His eyes jerk from the page; he forces himself to look at her. Eye contact with the jury, so they were taught, always a good thing. He knows it will be dangerous to say, "Of course," so he'll have to admit he hasn't been listening.
"About the dentists' bills?" he asks hopefully.
Elizabeth gives him again her tolerant smile. "No," she says. "About the co-respondents. I was saying it would be better if I divorce you rather than the other way around, since it wouldn't be very good to use Chris as a co-respondent."

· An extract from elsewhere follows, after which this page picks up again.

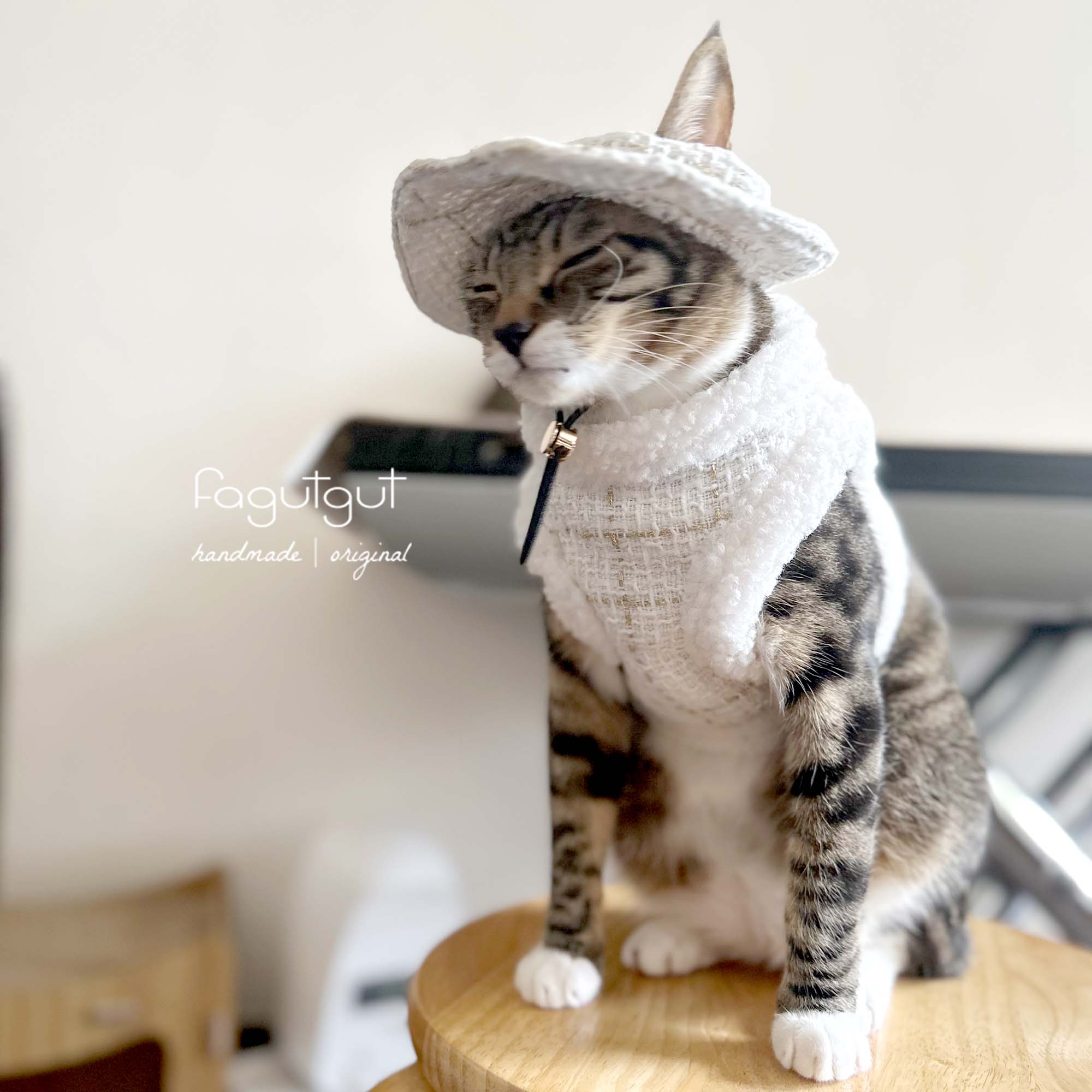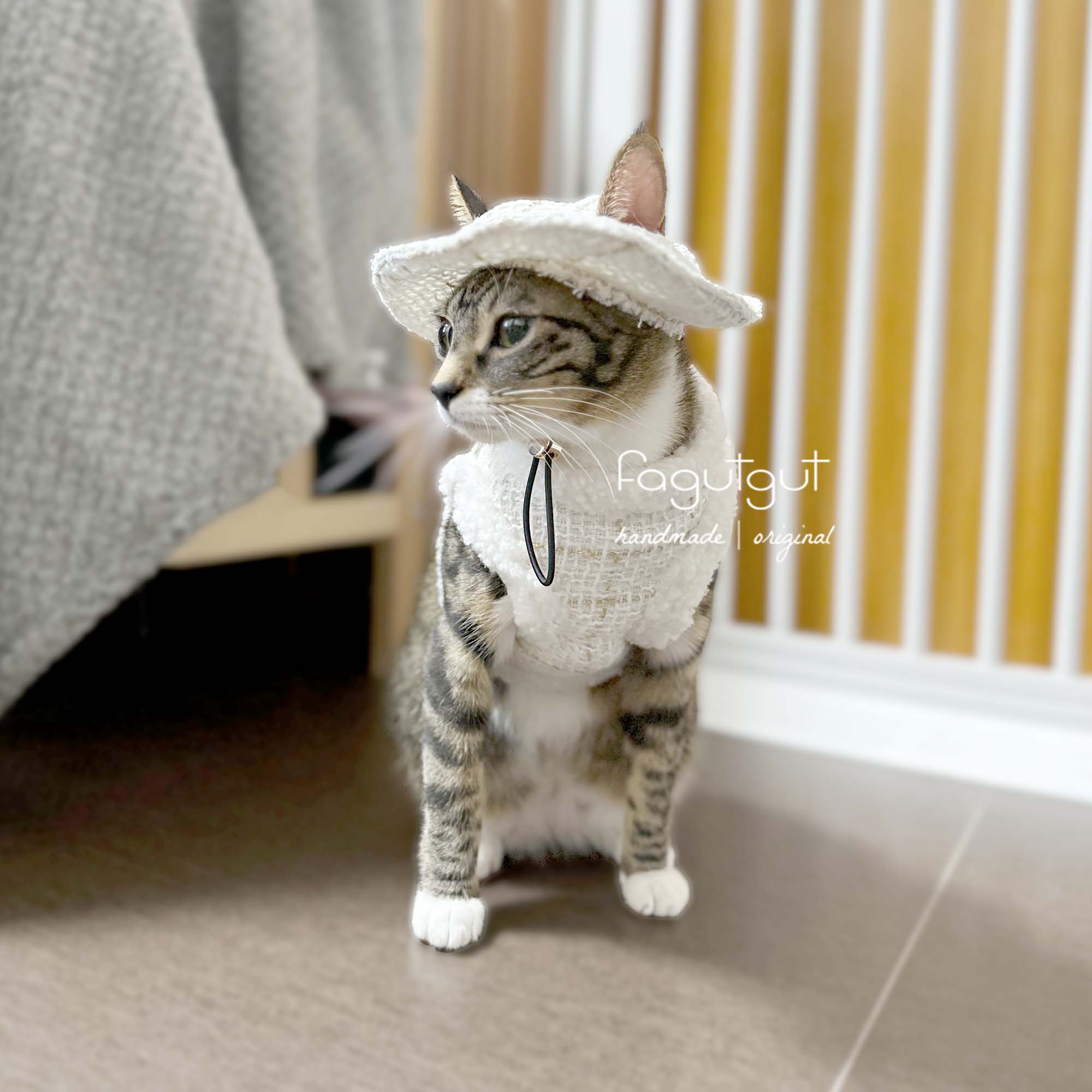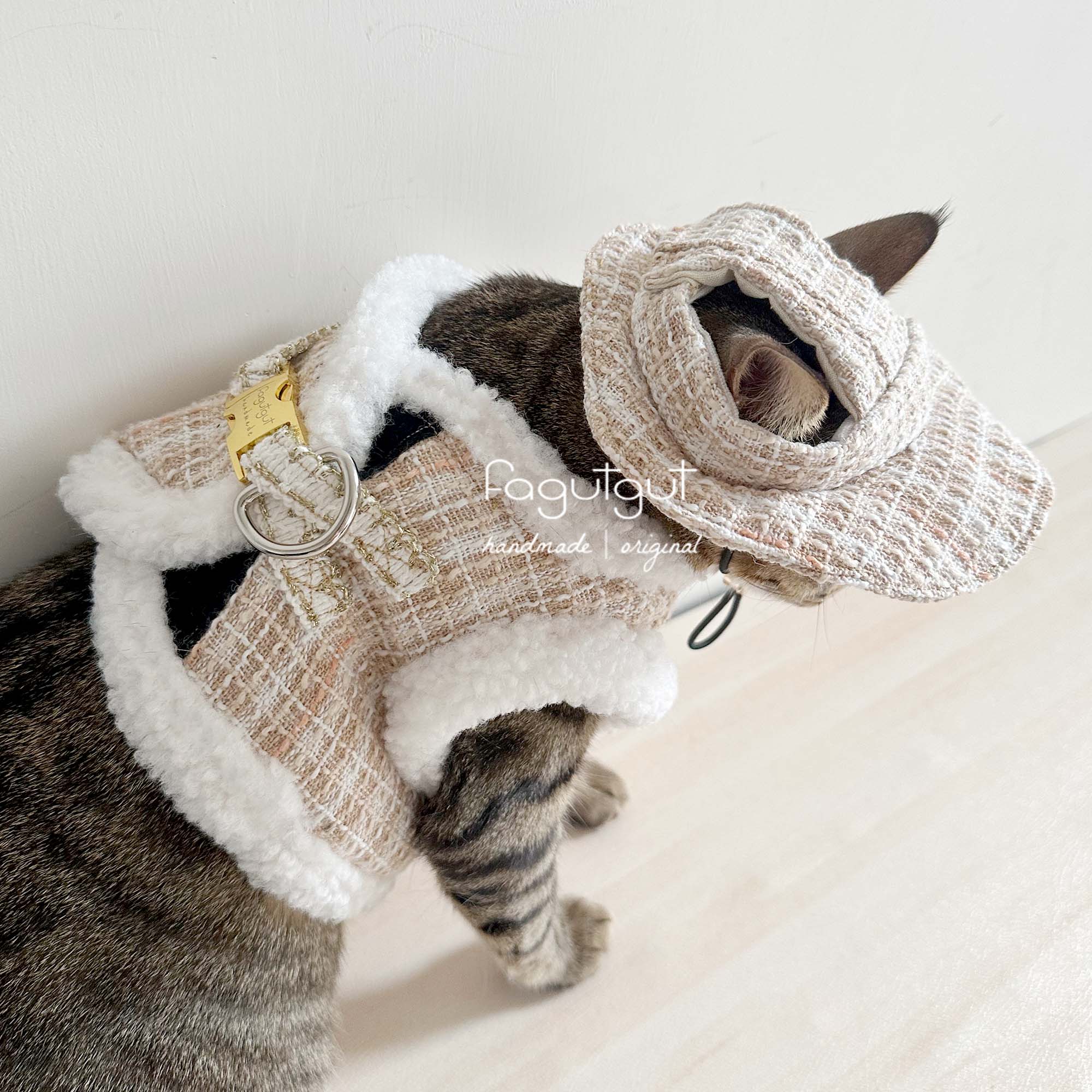 fagutgut 花吉吉手作 - 法式小香風套裝 - 寵物帽+牽引胸背心 (可獨立購買)

Nate wants to ask why not, since Chris is unlikely to be bothered by it. Whereas he can foresee certain difficulties with Lesje. But he knows this would be a tactless question. Also, the point in law is dubious. Though Elizabeth could swear she committed adultery, there's nothing but hearsay to back her up.
She says it would be bad for the children to drag the whole thing up again. She's right, of course she's right; everything these days, it seems, is bad for the children.
"I don't know," Nate says slowly. "Maybe we shouldn't use those grounds at all. Maybe we should go for marriage breakdown. That's a little more accurate, wouldn't you say?"